• _What needs to be done_: Your answer should be exactly the lines from the one that contains "HANG 20W PD" through the final line of the entries below, and nothing else.

(Stored data)
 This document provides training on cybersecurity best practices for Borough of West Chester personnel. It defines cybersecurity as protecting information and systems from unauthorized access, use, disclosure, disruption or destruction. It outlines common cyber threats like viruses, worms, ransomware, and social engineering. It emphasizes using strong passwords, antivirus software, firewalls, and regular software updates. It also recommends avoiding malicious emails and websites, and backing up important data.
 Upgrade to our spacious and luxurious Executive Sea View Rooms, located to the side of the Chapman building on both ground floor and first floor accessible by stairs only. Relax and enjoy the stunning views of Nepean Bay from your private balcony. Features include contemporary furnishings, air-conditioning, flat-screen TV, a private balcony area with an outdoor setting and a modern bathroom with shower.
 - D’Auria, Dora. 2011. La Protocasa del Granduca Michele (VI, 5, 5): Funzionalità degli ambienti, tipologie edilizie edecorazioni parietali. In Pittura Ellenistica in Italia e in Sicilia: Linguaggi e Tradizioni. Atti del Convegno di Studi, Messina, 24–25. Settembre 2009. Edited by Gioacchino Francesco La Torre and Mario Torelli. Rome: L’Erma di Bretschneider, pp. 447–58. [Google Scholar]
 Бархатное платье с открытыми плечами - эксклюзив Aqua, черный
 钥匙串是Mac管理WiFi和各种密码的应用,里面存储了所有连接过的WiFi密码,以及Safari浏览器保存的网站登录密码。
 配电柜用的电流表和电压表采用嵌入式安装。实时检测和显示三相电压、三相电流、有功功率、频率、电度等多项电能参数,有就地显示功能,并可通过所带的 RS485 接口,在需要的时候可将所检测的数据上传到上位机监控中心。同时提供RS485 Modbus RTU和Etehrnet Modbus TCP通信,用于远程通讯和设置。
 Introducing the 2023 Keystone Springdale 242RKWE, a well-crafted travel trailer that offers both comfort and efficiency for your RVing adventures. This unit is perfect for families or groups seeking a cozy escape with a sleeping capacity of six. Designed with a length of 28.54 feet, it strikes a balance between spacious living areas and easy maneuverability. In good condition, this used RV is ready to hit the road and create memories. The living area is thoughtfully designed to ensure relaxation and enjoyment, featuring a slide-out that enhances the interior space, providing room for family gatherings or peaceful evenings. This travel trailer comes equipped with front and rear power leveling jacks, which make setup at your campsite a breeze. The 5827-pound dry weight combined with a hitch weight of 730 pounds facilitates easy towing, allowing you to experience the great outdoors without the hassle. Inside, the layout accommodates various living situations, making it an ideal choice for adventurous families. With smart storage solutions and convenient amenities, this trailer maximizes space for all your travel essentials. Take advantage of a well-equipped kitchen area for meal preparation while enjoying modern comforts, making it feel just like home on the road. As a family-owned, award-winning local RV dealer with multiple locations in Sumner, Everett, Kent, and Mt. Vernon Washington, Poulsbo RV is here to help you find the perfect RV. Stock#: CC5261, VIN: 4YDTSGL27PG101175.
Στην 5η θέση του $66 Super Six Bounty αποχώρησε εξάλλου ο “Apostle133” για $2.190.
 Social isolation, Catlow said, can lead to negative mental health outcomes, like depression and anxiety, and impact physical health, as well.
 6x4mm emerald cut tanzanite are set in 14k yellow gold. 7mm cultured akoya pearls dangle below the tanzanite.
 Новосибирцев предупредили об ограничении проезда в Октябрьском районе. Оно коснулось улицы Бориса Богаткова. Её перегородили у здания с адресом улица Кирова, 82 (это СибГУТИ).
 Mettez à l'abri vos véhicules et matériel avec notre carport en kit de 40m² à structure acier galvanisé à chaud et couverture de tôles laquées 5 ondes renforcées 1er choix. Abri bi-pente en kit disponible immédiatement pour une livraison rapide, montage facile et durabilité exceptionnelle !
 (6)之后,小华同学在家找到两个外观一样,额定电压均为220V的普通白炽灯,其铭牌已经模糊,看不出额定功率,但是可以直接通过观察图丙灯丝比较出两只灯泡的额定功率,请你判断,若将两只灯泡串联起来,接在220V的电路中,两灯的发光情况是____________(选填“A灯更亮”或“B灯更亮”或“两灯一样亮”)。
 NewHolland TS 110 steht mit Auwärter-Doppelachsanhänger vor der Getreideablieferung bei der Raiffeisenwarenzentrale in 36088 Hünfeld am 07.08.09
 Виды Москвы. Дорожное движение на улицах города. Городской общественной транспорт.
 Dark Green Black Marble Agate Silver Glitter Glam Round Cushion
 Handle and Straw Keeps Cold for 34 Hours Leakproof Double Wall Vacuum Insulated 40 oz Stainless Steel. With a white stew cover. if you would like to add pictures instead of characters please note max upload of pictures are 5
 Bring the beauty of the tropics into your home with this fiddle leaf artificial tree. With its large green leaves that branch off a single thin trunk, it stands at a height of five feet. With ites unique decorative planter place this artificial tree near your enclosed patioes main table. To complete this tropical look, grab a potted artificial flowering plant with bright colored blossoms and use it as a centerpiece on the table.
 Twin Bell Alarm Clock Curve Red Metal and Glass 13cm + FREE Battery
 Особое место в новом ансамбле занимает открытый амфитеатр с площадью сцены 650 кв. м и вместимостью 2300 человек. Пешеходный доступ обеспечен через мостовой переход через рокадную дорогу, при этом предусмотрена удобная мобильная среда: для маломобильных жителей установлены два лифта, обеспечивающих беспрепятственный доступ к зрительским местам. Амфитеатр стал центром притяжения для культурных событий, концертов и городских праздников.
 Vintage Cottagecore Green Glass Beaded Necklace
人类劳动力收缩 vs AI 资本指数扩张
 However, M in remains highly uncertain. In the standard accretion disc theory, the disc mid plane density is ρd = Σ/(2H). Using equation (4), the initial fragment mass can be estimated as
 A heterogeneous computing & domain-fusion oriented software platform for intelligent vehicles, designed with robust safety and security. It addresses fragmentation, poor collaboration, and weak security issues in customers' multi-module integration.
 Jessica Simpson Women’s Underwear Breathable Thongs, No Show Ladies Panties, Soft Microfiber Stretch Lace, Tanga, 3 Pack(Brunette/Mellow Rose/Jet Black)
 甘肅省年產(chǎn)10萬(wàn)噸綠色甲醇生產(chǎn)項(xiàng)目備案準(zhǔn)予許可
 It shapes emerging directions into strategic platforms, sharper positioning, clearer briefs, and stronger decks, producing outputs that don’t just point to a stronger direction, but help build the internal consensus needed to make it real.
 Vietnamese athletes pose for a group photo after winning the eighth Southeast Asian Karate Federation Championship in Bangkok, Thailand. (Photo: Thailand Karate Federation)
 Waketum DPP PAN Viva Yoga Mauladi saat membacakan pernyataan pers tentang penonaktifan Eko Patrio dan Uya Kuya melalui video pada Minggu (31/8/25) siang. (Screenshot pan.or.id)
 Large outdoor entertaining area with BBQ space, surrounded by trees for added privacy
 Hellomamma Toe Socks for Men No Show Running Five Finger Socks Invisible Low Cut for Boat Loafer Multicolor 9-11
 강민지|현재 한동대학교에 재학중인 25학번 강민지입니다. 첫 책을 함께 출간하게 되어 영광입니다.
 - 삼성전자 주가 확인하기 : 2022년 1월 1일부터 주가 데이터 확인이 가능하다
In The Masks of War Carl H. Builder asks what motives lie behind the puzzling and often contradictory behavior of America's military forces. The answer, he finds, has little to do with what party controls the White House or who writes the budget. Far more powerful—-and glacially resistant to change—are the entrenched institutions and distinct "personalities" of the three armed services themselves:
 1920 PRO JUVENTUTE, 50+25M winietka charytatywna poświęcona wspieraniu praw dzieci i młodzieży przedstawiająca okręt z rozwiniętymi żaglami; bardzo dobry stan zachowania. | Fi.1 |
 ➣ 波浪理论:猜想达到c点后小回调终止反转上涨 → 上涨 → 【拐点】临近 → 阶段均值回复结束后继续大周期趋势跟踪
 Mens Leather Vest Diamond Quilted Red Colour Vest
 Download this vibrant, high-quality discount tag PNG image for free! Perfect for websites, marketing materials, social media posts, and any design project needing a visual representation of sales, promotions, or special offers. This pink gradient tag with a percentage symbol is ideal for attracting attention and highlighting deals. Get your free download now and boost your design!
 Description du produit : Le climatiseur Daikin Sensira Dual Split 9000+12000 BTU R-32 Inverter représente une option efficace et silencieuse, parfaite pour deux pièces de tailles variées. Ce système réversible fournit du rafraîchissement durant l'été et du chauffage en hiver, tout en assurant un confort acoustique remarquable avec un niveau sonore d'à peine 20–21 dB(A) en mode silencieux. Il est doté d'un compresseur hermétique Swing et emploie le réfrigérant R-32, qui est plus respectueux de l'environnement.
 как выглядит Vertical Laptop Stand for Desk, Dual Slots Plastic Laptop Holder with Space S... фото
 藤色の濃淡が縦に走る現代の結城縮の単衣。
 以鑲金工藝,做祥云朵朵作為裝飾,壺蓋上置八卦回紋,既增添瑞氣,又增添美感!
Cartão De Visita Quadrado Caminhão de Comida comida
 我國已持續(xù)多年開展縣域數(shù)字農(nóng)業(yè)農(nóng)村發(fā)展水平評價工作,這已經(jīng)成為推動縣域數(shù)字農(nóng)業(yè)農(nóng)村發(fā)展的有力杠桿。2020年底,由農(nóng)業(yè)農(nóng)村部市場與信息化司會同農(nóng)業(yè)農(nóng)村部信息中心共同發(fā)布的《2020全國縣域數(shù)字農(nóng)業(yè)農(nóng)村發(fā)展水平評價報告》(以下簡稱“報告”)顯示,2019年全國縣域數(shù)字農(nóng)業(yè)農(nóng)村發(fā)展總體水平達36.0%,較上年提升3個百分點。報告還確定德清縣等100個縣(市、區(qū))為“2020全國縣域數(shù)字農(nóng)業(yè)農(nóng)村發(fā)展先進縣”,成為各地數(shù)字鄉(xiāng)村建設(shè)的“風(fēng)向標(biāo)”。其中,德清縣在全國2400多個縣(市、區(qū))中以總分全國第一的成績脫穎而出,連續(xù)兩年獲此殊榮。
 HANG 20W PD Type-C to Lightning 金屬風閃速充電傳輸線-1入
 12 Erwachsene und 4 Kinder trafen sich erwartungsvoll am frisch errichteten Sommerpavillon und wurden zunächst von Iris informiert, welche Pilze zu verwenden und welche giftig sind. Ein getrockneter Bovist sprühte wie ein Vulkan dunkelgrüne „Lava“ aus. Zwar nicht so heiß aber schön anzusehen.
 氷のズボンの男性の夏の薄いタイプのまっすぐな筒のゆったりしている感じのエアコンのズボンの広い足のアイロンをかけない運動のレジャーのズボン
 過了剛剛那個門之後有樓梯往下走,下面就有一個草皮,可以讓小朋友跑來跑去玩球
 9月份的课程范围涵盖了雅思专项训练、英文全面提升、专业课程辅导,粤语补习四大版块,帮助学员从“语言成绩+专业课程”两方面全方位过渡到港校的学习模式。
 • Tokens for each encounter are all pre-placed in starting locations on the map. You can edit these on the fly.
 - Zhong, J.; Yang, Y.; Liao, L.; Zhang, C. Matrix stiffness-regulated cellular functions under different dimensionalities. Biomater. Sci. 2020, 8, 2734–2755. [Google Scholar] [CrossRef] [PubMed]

• _Answer area_:
 HANG 20W PD Type-C to Lightning 金屬風閃速充電傳輸線-1入
 12 Erwachsene und 4 Kinder trafen sich erwartungsvoll am frisch errichteten Sommerpavillon und wurden zunächst von Iris informiert, welche Pilze zu verwenden und welche giftig sind. Ein getrockneter Bovist sprühte wie ein Vulkan dunkelgrüne „Lava“ aus. Zwar nicht so heiß aber schön anzusehen.
 氷のズボンの男性の夏の薄いタイプのまっすぐな筒のゆったりしている感じのエアコンのズボンの広い足のアイロンをかけない運動のレジャーのズボン
 過了剛剛那個門之後有樓梯往下走,下面就有一個草皮,可以讓小朋友跑來跑去玩球
 9月份的课程范围涵盖了雅思专项训练、英文全面提升、专业课程辅导,粤语补习四大版块,帮助学员从“语言成绩+专业课程”两方面全方位过渡到港校的学习模式。
 • Tokens for each encounter are all pre-placed in starting locations on the map. You can edit these on the fly.
 - Zhong, J.; Yang, Y.; Liao, L.; Zhang, C. Matrix stiffness-regulated cellular functions under different dimensionalities. Biomater. Sci. 2020, 8, 2734–2755. [Google Scholar] [CrossRef] [PubMed]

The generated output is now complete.